Thought Control’s Lingua Franca

Flagg Taylor

Law & Liberty | 2015

Academic-speak these days is quite easy to imitate. Here is a representative specimen that might well be found in your email in-box if you happen to work in American higher education: “As a community we must all rededicate ourselves to dialogue about inclusion, diversity, and social justice, and to rejecting the hegemonic discourse of oppression that dominates the white/heteronormative culture.” Lots of abstract jargon strung together to warn opponents and reassure friends—nothing in the way of real thought or even mere description.

For those who are committed to a de-politicized education, such language represents, to use a phrase of Roger Scruton’s, “the deep syntax of our torment.” Truth be told, language has been deployed in such a manner before.
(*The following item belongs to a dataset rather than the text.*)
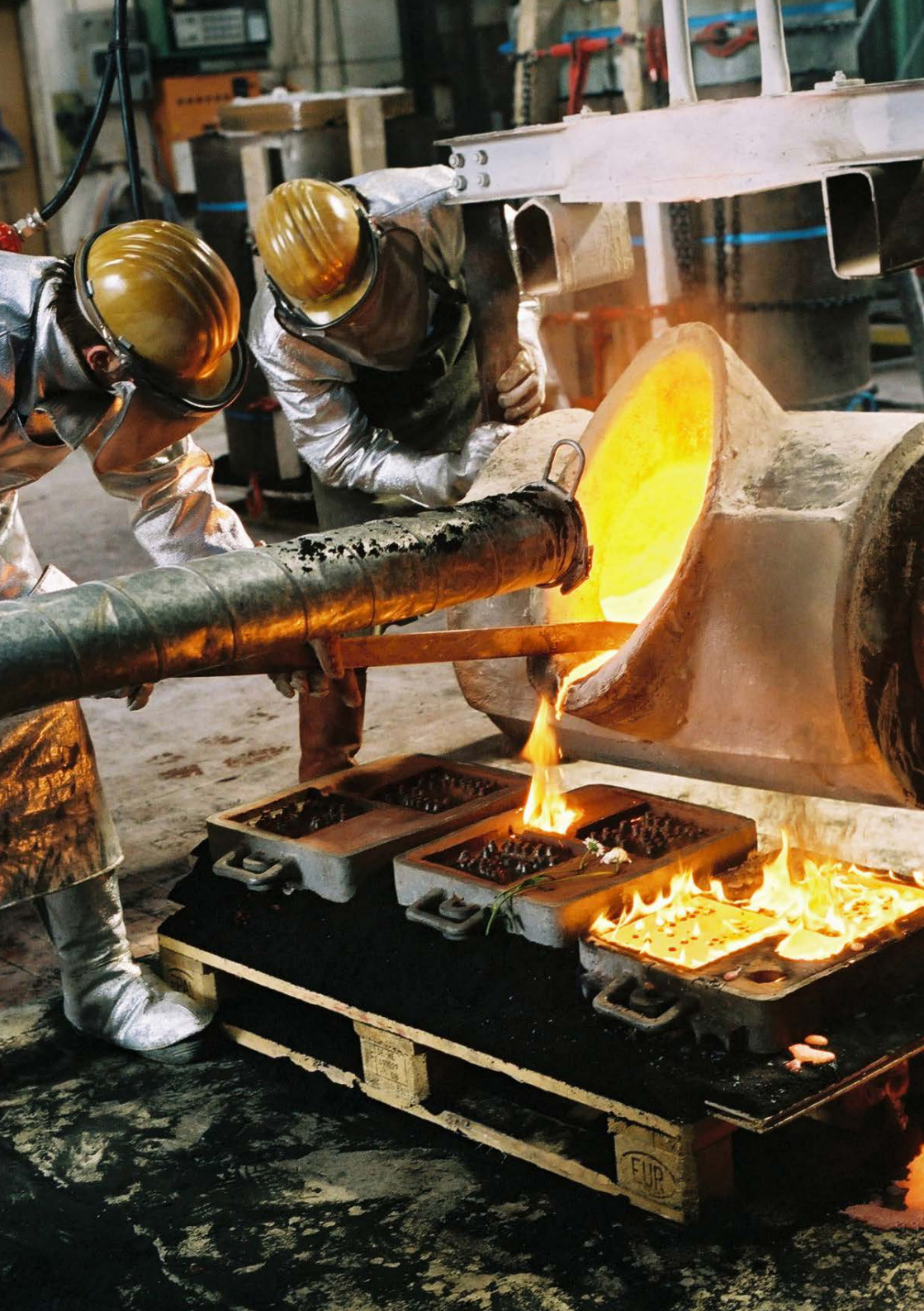
Kunstgiesserei St. Gallen

Under communist regimes, there were “reliable” terms that officialdom arranged and rearranged almost endlessly: “bourgeois,” “imperialist,” “Zionist,” “progressive,” “proletarian,” or “building socialism”—one could undoubtedly come up with a host of others.
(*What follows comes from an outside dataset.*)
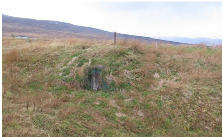
Mynd 6, niðurgrafin kartöflugeymsla norðanvert í gili bæjarlækjarins í Lögmanshlíð. Ekki er um eiginlegar fornleifar að ræða en þar sem mannvirkið er að hluta úr torfi var það skráð með.

Kartöflugeymslan er grafin talsvert niður í brekkubrúnina að norðanverðu, en hlaðið með streng sín hvorum megin við dyrnar sem vísa til suðurs og torf yfir þaki og uppúr því lítill strompur. Byggingin er um 5m í þvermál að utanverðu en óvíst með innanmál. Sneiðingur liggur frá dyrunum til vesturs upp á bakkann.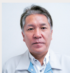
業績管理委員会 委員長

Language is used in such discourse not to reveal meaning—to provide a window on reality—but to exert power. It prefers the abstract to the concrete, the general to the specific.

People appeared in this discourse not as freely-choosing individuals but as abstractions, through which impersonal forces struggle for domination . . . Meanwhile, it was important to fuse the permitted words into bundles, so as to block the doors through which reality might enter.

Thus does the language of political correctness recall the totalitarian discourse of communism—a world that now belongs to the apparently distant and foreign 20th century.